> [EXERCISE AIM]:
Restate the listing below word for word. No picture belongs in the result.

━━━━━ DATASET EXTRACT

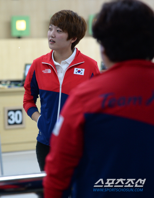 2014 인천아시안게임 사격 여자 10m 공기권총 본선이 20일 인천 옥련국제사격장에서 열렸다. 김장미가 본선경기를 마친 후 기록을 살펴보고 있다. 김장미는 1위로 결선에 진출했지만 단체전에선 4위를 기록하며 첫 메달획득은 불발됐다. 인천=허상욱 기자 wook@sportschosun.com
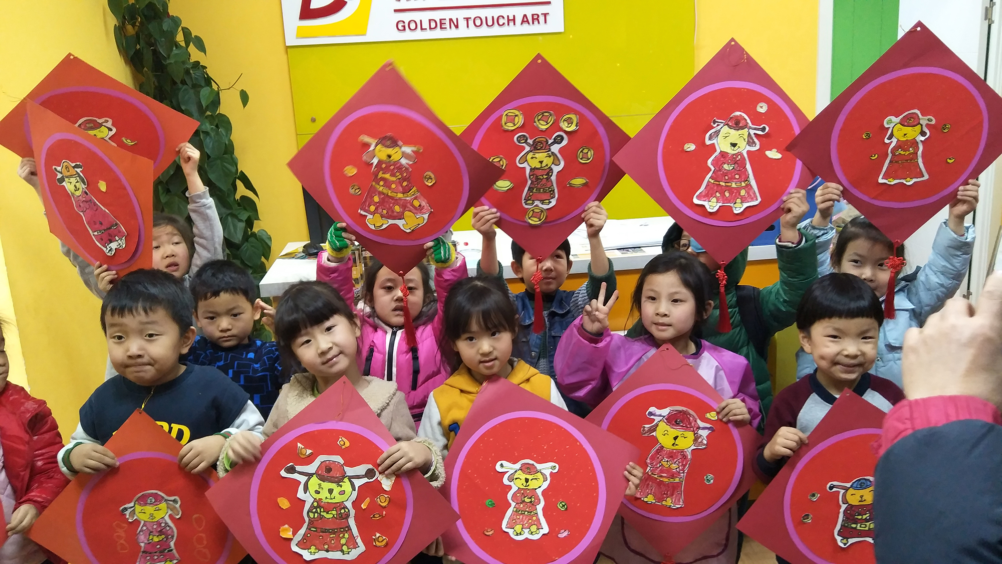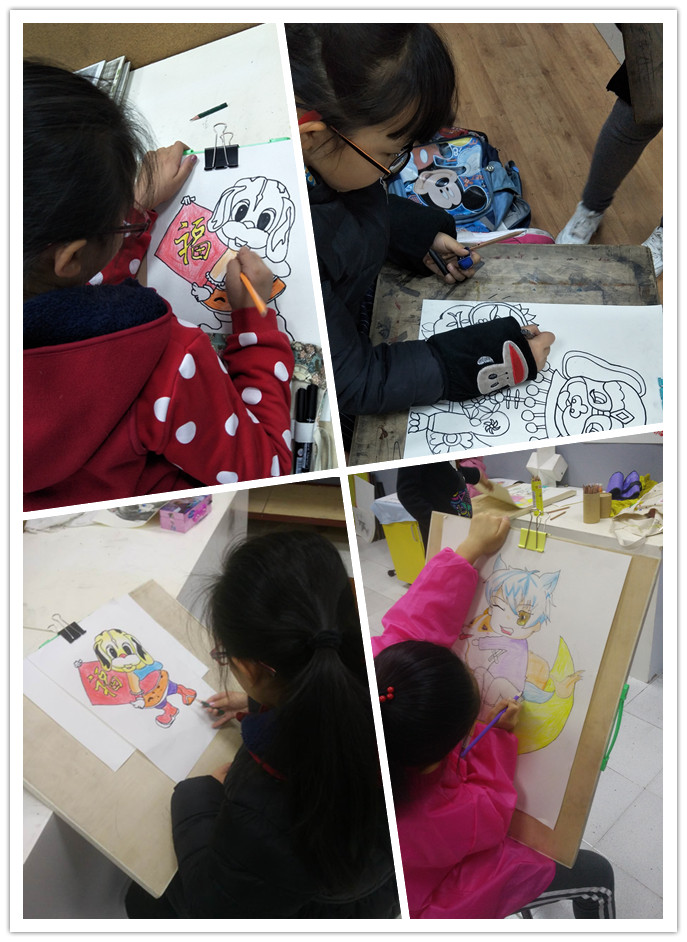 距離戊戌狗年春節(jié)還有10天,圍繞新春主題,點金美術(shù)四方校區(qū)的老師們將中國年傳統(tǒng)圖案紋樣與現(xiàn)代元素相結(jié)合,結(jié)合點金美術(shù)第五版原創(chuàng)少兒美術(shù)課程體系,設計出了豐富多樣的新年藝術(shù)主題課程。
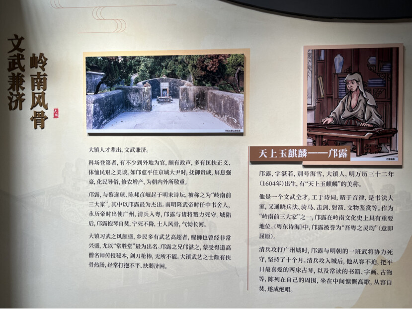 邝露,字湛若,别号海雪,南海大沥乡大镇村人,明万历三十二年(1604年)出生,有“天上玉麒麟”的美称。他是一个文武全才,工于诗词,精于音律,是书法大家,又通晓兵法、骑马、击剑、射箭、文物鉴赏等。作为“岭南前三大家”之一,邝露在岭南文化史上具有重要地位。《粤东诗海》中,邝露被誉为“吾粤之灵均”(意即屈原)。

━━━━━━━━━━

> [RESULT OF THIS TASK]:
 2014 인천아시안게임 사격 여자 10m 공기권총 본선이 20일 인천 옥련국제사격장에서 열렸다. 김장미가 본선경기를 마친 후 기록을 살펴보고 있다. 김장미는 1위로 결선에 진출했지만 단체전에선 4위를 기록하며 첫 메달획득은 불발됐다. 인천=허상욱 기자 wook@sportschosun.com
 距離戊戌狗年春節(jié)還有10天,圍繞新春主題,點金美術(shù)四方校區(qū)的老師們將中國年傳統(tǒng)圖案紋樣與現(xiàn)代元素相結(jié)合,結(jié)合點金美術(shù)第五版原創(chuàng)少兒美術(shù)課程體系,設計出了豐富多樣的新年藝術(shù)主題課程。
 邝露,字湛若,别号海雪,南海大沥乡大镇村人,明万历三十二年(1604年)出生,有“天上玉麒麟”的美称。他是一个文武全才,工于诗词,精于音律,是书法大家,又通晓兵法、骑马、击剑、射箭、文物鉴赏等。作为“岭南前三大家”之一,邝露在岭南文化史上具有重要地位。《粤东诗海》中,邝露被誉为“吾粤之灵均”(意即屈原)。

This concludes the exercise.